Карикатура быстро разлетелась по всему институту: многие воспитанницы перерисовывали ее к себе в альбомы и переписывали едкие строчки, причем с особой тщательностью. Однако тайное, как известно, рано или поздно все равно становится явным.
Как раз на уроке в первом классе, когда Басланов объяснял тему "Наполеоновские войны" Крошка и Щеглова тихонько хихикали, глядя на очередную копию карикатуры на Нерона. Вскоре Маша Краснова быстро повернулась к ним и шепотом попросила показать рисунок и ей. Бойкая Щеглова тут же свернула бумажку в комочек и бросила в ту сторону, где находилась парта подруги, однако, увы, бумажка оказалась легче и пролетела дальше, приземлившись прямо на учительский стол.
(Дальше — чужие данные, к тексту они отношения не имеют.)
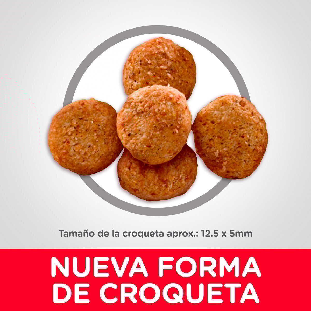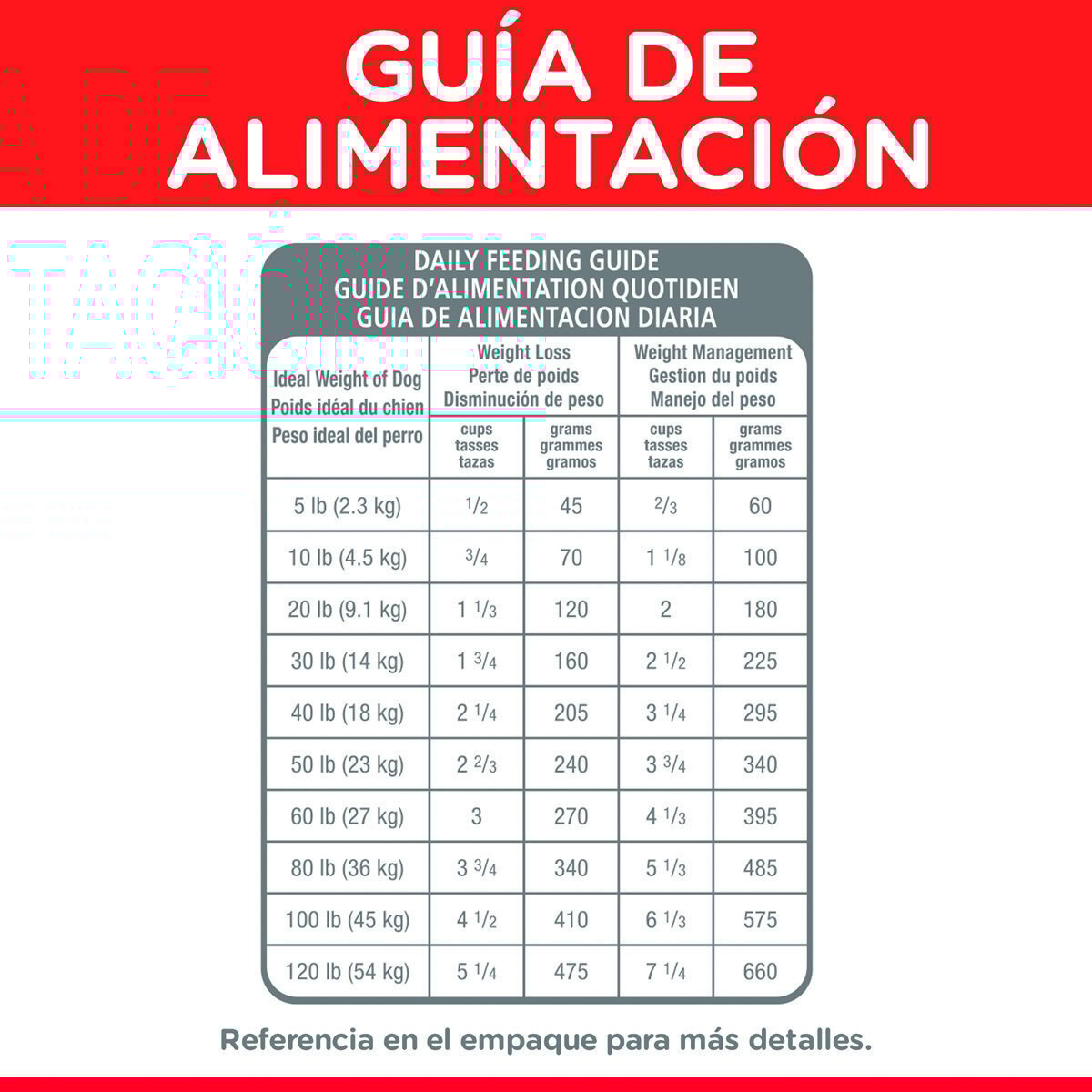Ajuste la cantidad de alimento según sea necesario para mantener el peso óptimo. Si tiene dudas, consulte a su veterinario. ¿Nuevo en este alimento? Mezcle cantidades cada vez mayores del alimento nuevo de su mascota con cantidades cada vez menores del alimento anterior durante un periodo de 7 días. ¡Mantenga agua fresca disponible en todo momento! Las necesidades nutricionales de su mascota pueden cambiar con la edad. Pregunte a su veterinario en cada revisión. Para prevenir asfixia, mantenga el empaque fuera del alcance de mascotas y niños.

Валентин Григорьевич тут же это заметил.
Не спеша и сохраняя спокойный вид, мужчина развернул листик и принялся про себя читать злополучную эпиграмму. Девушки затаили дыхание от страха и волнения, предчувствия общее наказание. Но в классе долго стояла тишина - было слышно только как осенняя муха тяжело прыгает по подоконнику.
- Так, вот, значит, чем вы занимаетесь во время уроков, - произнес наконец Басланов, - Должен сказать, способности у того "художника", который нарисовал данное изображение, весьма неплохи, только зачем же он их не использует на уроке рисования, а профанирует свой талант на подобные глупости?
Девушки молчали.
- Хорошо, я задам вопрос по-другому: кто именно из вас является автором сего великолепного произведения искусства? Если таковых несколько человек, вашу заслуженную награду я разделю поровну, можете в этом не сомневаться.
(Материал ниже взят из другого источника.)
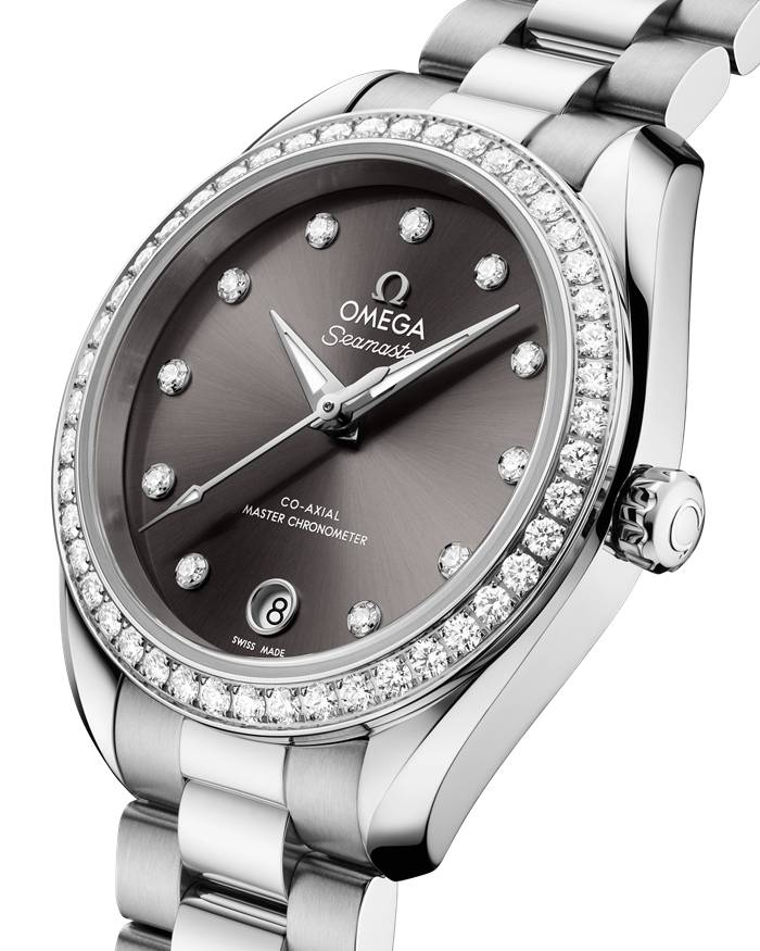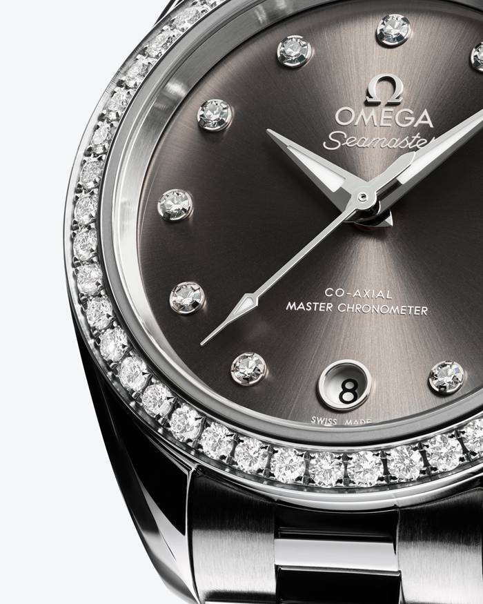 De zongeborstelde grijze wijzerplaat is met PVC gekleurd en gelakt en voorzien van een rond datumvenster op 6 uur. Ze wordt geaccentueerd door 11 diamanten uurmarkeringen en gefacetteerde wijzers met een vernieuwd design, waarbij de minutenwijzer taps toeloopt naar een delicate punt. Alle wijzers en opgelegde elementen zijn van 18K witgoud. Daarnaast zijn de wijzers opgevuld met wit Super-LumiNova dat blauw oplicht.

Валентин Григорьевич говорил негромким голосом, но четко выговаривая каждое слово, из-за чего в них слышалось что-то зловещее. Наконец одна ученица, пугливая Наташа Тополь, поднявшись, робко ответила:
- Это... это вообще не наш рисунок, нам его дал... другой класс посмотреть.
Тут же с остальных парт полетели возмущенные шептания:
- Ты что делаешь, доносчица? Молчи уже, фискалка!
Басланов их проигнорировал.
- Что ж, прекрасно, выходит, это дело рук кого-то из младших. Впрочем, не все ли равно, кто именно это первым изобразил: раз карикатуру копировали все, то наказание будет общим. Поэтому поблагодарите сами автора, быть может, осознание того, что по его милости все старшее отделение, переписывающее на уроке сей "шедевр" будет сдавать мне лично отдельный небольшой экзамен. Уже завтра.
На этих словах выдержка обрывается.